Pourtant, savoir vendre au bon moment est aussi important que savoir acheter. Un bien qui génère 4 % de rendement net et dont la valeur a triplé en 15 ans mobilise un capital qui pourrait financer deux nouveaux biens à 7-8 %. Un bien en situation de vacance chronique, de travaux lourds récurrents ou de conflit locatif persistant détruit plus de valeur qu’il n’en crée.

Pourquoi l’arbitrage immobilier est une compétence à développer

L’immobilier n’est pas une stratégie d’accumulation aveugle

Beaucoup d’investisseurs immobiliers ont un réflexe d’accumulation acheter, louer, conserver, répéter. Ce réflexe n’est pas mauvais en soi, mais il peut conduire à détenir un portefeuille sous-optimal : des biens anciens à faible rendement, des marchés qui ont changé, des structures fiscales inadaptées à l’évolution du patrimoine.

L’arbitrage immobilier est l’acte de gestion active par lequel un investisseur décide délibérément de vendre un bien non par nécessité financière, mais parce que cette vente libère un capital qui peut être mieux valorisé ailleurs.

La différence entre l’accumulation passive et la gestion active

Un portefeuille géré passivement en 2026 ressemble souvent à ceci :

  • Bien A acheté en 2008 : valeur triplée, rendement brut tombé à 3,5 % (loyer bloqué, prix de marché multiplié)
  • Bien B acheté en 2015 : bon rendement (6 %), locataire stable, pas de travaux
  • Bien C acheté en 2020 : vacance fréquente, quartier qui se dégrade, rendement décevant
  • Bien D acheté en 2022 : passoire thermique G, interdit à la location depuis 2025, propriétaire bloqué

Un gestionnaire actif analyse régulièrement ce portefeuille et se pose la question : quel serait le meilleur usage du capital immobilisé dans chaque bien ? Pour le bien A, la réponse est peut-être d’arbitrer récupérer une plus-value importante et réinvestir dans 2-3 biens à 7-8 % de rendement.

L’arbitrage n’est pas une défaite

Il existe un biais psychologique fort chez beaucoup d’investisseurs : vendre un bien ressemble à « abandonner » une partie du patrimoine, à « admettre une erreur ». C’est une erreur de raisonnement. L’arbitrage est un outil de création de valeur, pas un aveu d’échec. Les investisseurs professionnels arbitrent régulièrement leurs positions.

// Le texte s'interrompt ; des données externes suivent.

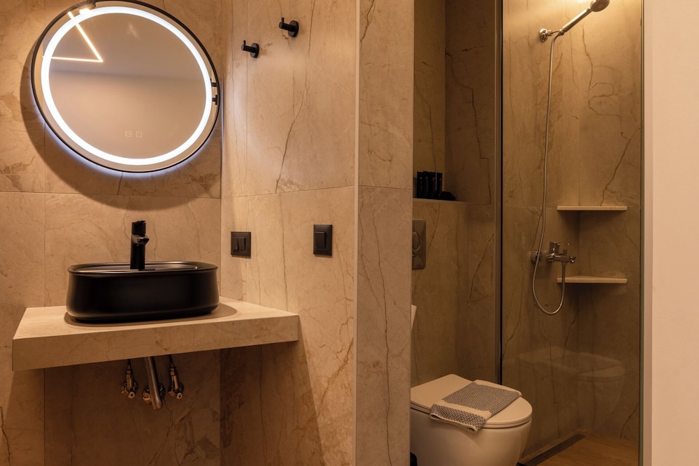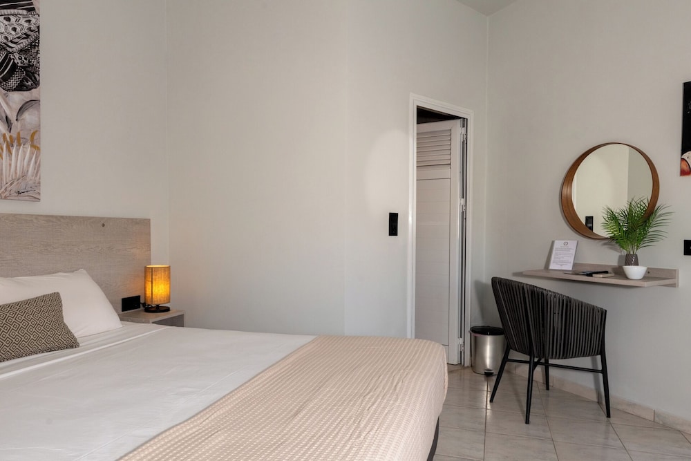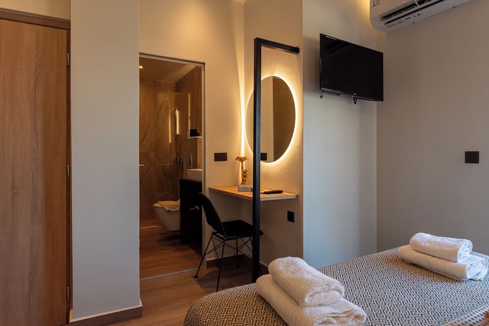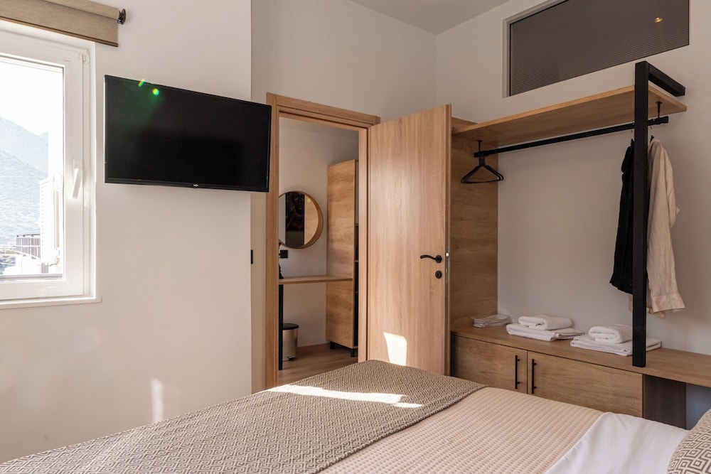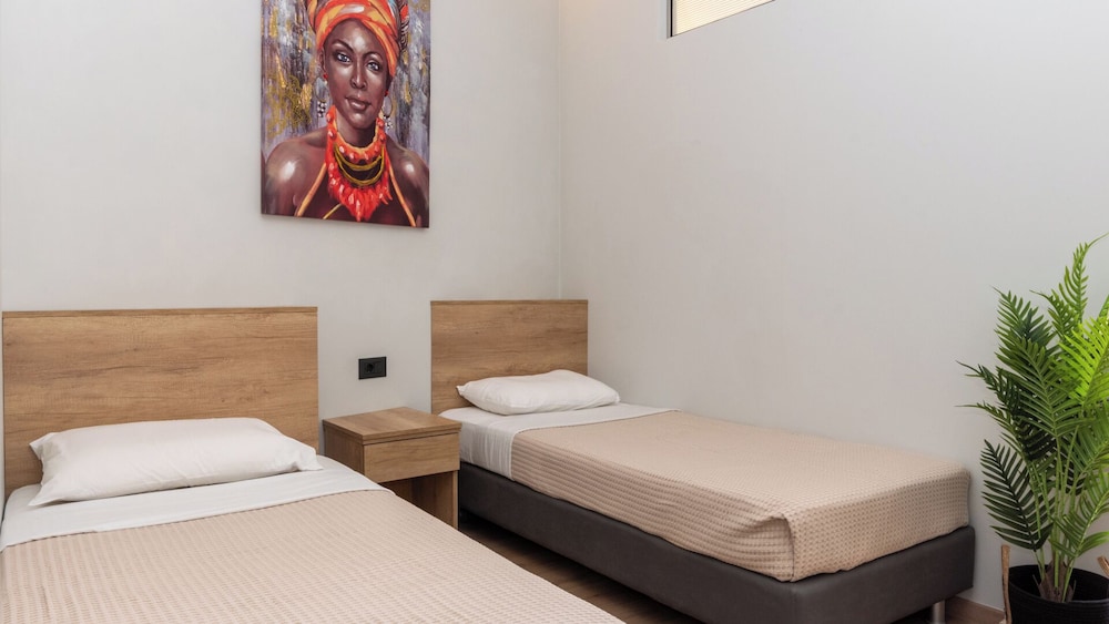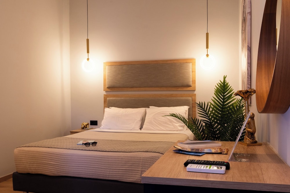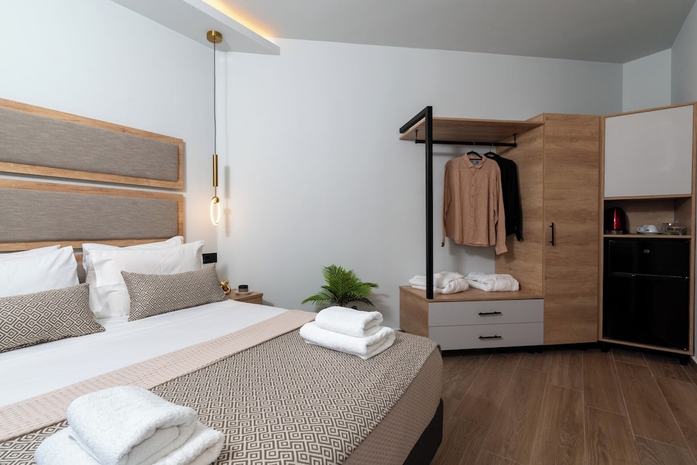 Clean and minimalistic, just used as a place to shower and change for a couple of hours before flying home. Staff were very friendly and helpful but they did say they would put our luggage in our room when it had been cleaned, which they didn't. The luggage was kept behind the wall of the bar but open to the side street. When we went back many hours later they hadn't been put in the room and our belongings and bags could have been taken, which was a worry. They gave us the top room and there are many steps which was very difficult with heavy luggage.The room was clean and tidy and George was very helpful settling us in and said we had an upgrade which was nice.
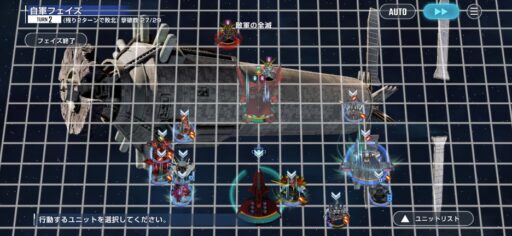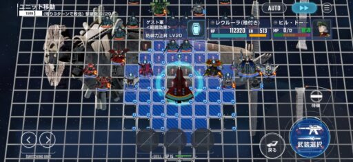 戦艦レウルーラを画像位置に移動させてネオジオングが防御アップ範囲に入るようにしましょう

Les signaux qui indiquent qu’il faut vendre

Signal 1 : Le rendement est devenu structurellement trop faible

Un bien acheté à bon rendement peut voir sa rentabilité s’éroder au fil du temps si sa valeur de marché progresse beaucoup plus vite que les loyers. C’est le cas typique d’un appartement acheté 80 000 € en 2005 qui vaut aujourd’hui 250 000 € mais qui est loué 550 €/mois (bail en cours depuis 15 ans).

  • Rendement brut sur prix actuel : (550 × 12) / 250 000 = 2,6 %
  • Capital immobilisé : 250 000 €
  • Rendement brut si ce capital était réinvesti à 7,5 % : 18 750 €/an soit 1 562 €/mois

L’écart de 1 012 €/mois représente le coût d’opportunité de conserver ce bien plutôt que d’arbitrer et réinvestir.

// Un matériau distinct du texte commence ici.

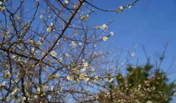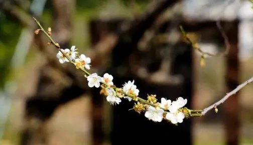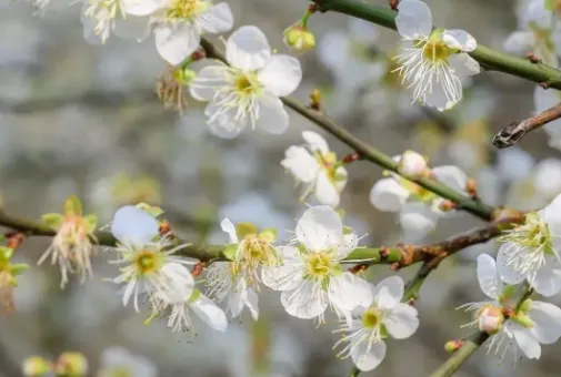 青梅花开,枝头缀花,有的含苞待放如羞涩少女,有的全然绽放似灿烂笑脸。光线穿过那半透明的花瓣,将那极淡的粉晕染成一片朦胧的光雾,花瓣的脉络纤细如命运的掌纹。花心托着细密的蕊,点点鹅黄,娇柔又矜贵。

Seuil d’alerte : quand le rendement brut sur la valeur de marché actuelle tombe sous 4 % dans un marché secondaire, l’arbitrage mérite sérieusement d’être étudié.

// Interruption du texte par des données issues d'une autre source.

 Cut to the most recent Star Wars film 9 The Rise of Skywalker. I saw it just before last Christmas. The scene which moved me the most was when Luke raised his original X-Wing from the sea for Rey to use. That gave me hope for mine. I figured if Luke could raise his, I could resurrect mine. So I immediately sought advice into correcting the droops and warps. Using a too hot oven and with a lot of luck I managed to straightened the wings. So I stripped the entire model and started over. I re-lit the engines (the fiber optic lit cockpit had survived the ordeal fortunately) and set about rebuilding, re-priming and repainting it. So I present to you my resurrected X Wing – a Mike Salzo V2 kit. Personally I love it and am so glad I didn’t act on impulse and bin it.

Signal 2 : Le bien mobilise beaucoup d’énergie pour peu de résultat

Certains biens sont chronophages sans être rentables :

  • Locataires difficiles ou en situation de conflit persistant
  • Travaux lourds récurrents qui absorbent le cash-flow
  • Copropriété conflictuelle avec des procédures en cours
  • Quartier en dégradation avec rotation élevée des locataires

Un bien qui vous prend 10 % de votre bande passante mentale pour 5 % de votre rendement est un bien à arbitrer.

Signal 3 : Le bien est une passoire thermique non rénovable

Depuis janvier 2025, les biens classés G ne peuvent plus être loués. Si votre bien est classé G (ou F dans 2 ans) et que les travaux de rénovation sont :

  • Techniquement impossibles (configuration du bâti, copropriété bloquante)
  • Économiquement non viables (coût de rénovation supérieur à la valeur créée)

Alors vendre est la seule option rationnelle. Et vendre maintenant avant que la décote de marché ne se creuse davantage à l’approche des échéances d’interdiction est préférable à vendre dans 2-3 ans sous pression.

Signal 4 : Vous avez besoin de capital pour un nouveau projet

L’arbitrage peut être motivé non par la sous-performance du bien vendu, mais par la qualité d’une nouvelle opportunité. Si vous identifiez un bien exceptionnel (rendement 9 %, emplacement premium, passoire à décote à rénover) mais que votre capacité d’emprunt est saturée, vendre un bien sous-performant libère le capital et la capacité d’endettement pour financer le nouveau projet.

C’est la logique de la rotation du capital : le patrimoine ne croît pas seulement par accumulation, mais aussi par amélioration continue de sa composition.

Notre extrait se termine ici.